◆ Exercise description ◆
Below are records with pictures. Reproduce exactly the lines from the line with "Зачесываем назад волосы" to the line with "Area 1: Note", inclusive, and leave each picture out.

[Data extracted from a collection]

-------

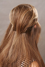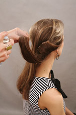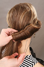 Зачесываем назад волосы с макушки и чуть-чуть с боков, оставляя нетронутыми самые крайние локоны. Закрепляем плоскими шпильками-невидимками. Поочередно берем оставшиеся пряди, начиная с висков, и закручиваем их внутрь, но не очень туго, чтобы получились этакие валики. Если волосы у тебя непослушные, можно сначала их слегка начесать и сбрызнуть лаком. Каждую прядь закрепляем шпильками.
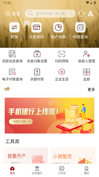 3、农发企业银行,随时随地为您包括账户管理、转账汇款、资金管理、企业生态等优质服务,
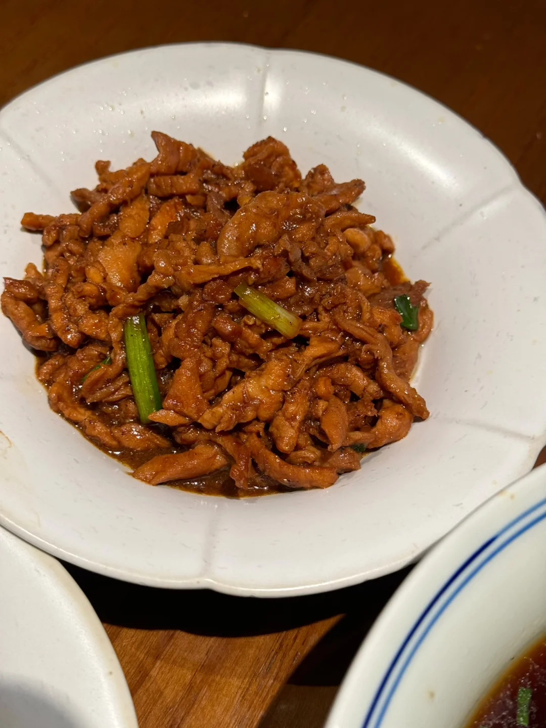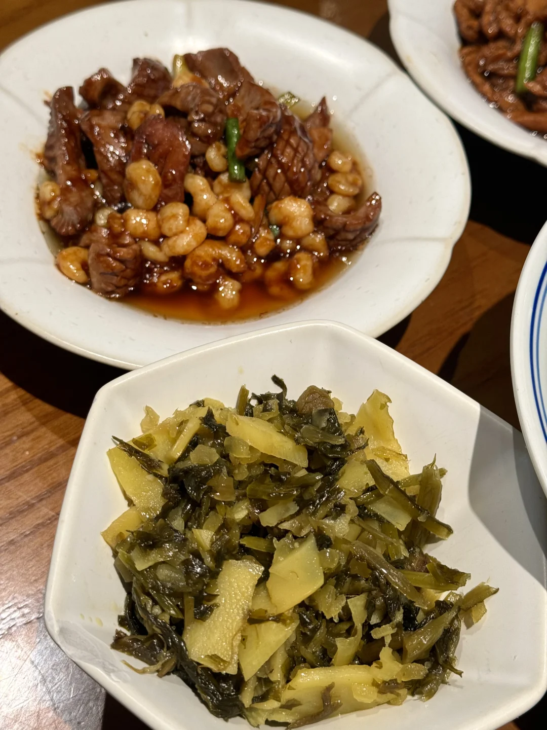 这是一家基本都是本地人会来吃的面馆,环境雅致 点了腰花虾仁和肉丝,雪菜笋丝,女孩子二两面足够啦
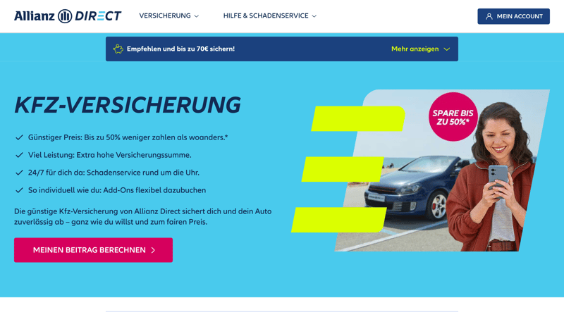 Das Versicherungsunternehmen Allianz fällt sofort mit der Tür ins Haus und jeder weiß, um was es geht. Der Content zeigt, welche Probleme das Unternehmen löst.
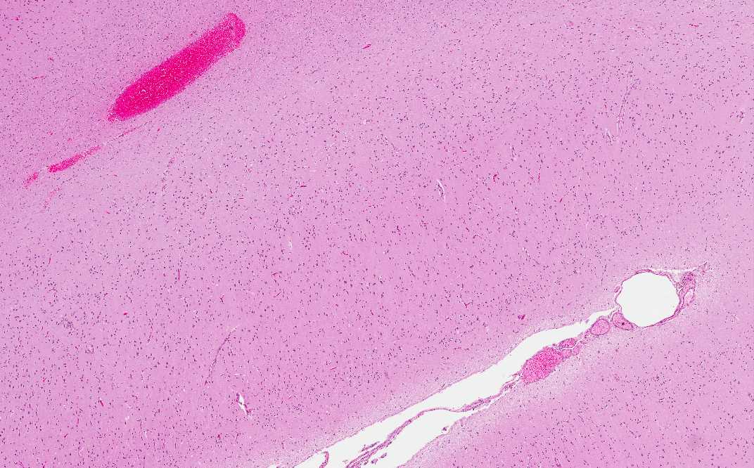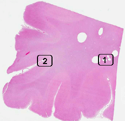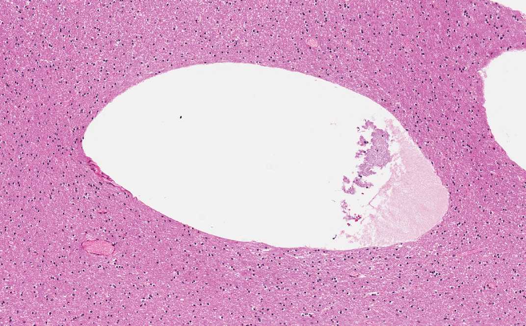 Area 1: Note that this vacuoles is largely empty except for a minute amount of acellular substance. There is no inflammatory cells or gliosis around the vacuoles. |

-------

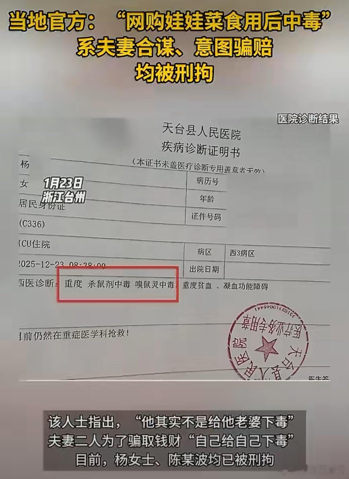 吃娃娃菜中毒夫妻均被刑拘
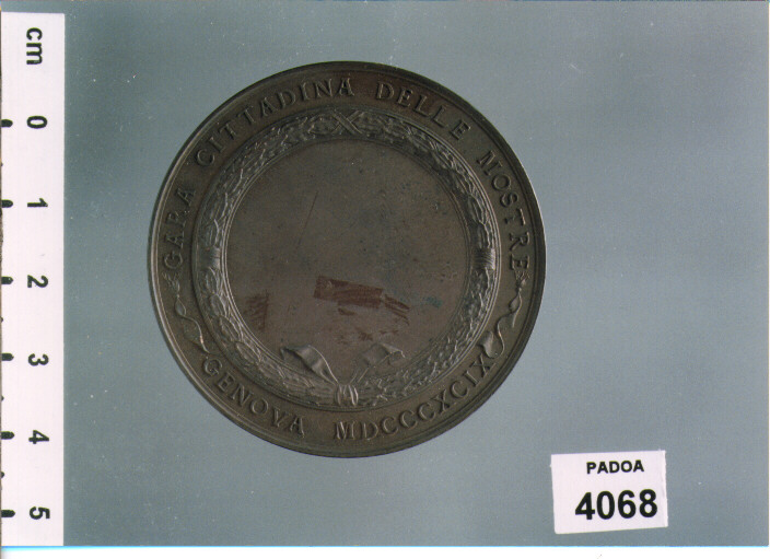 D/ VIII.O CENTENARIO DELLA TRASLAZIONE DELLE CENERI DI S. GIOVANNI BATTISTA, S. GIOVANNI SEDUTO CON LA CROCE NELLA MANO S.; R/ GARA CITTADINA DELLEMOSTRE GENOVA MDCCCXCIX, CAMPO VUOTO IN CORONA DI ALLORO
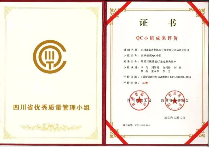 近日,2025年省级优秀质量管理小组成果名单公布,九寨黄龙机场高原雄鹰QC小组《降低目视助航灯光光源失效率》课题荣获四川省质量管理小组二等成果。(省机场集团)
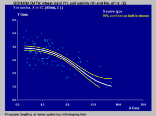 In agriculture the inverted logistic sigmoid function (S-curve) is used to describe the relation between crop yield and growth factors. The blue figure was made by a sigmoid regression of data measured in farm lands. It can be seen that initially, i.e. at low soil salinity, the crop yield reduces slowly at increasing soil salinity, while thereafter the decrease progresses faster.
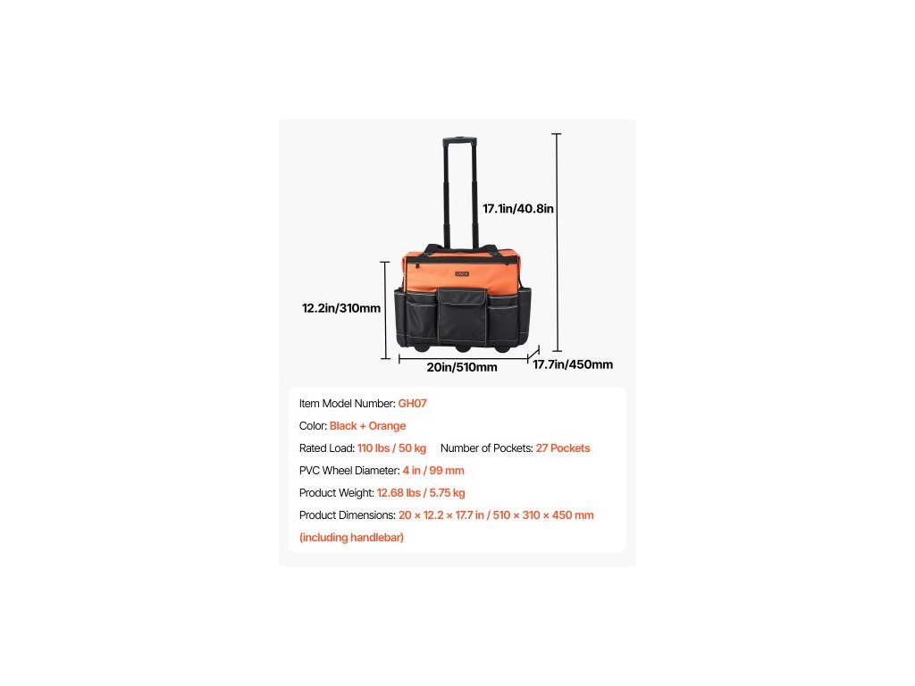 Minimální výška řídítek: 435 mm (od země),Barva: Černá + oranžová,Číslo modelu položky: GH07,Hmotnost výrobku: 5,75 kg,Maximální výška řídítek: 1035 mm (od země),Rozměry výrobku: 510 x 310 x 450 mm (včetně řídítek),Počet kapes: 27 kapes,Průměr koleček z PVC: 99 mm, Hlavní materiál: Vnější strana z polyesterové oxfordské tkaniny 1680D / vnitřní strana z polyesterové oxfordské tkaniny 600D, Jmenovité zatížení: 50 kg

-------

◆ Solution ◆
 Зачесываем назад волосы с макушки и чуть-чуть с боков, оставляя нетронутыми самые крайние локоны. Закрепляем плоскими шпильками-невидимками. Поочередно берем оставшиеся пряди, начиная с висков, и закручиваем их внутрь, но не очень туго, чтобы получились этакие валики. Если волосы у тебя непослушные, можно сначала их слегка начесать и сбрызнуть лаком. Каждую прядь закрепляем шпильками.
 3、农发企业银行,随时随地为您包括账户管理、转账汇款、资金管理、企业生态等优质服务,
 这是一家基本都是本地人会来吃的面馆,环境雅致 点了腰花虾仁和肉丝,雪菜笋丝,女孩子二两面足够啦
 Das Versicherungsunternehmen Allianz fällt sofort mit der Tür ins Haus und jeder weiß, um was es geht. Der Content zeigt, welche Probleme das Unternehmen löst.
 Area 1: Note that this vacuoles is largely empty except for a minute amount of acellular substance. There is no inflammatory cells or gliosis around the vacuoles. |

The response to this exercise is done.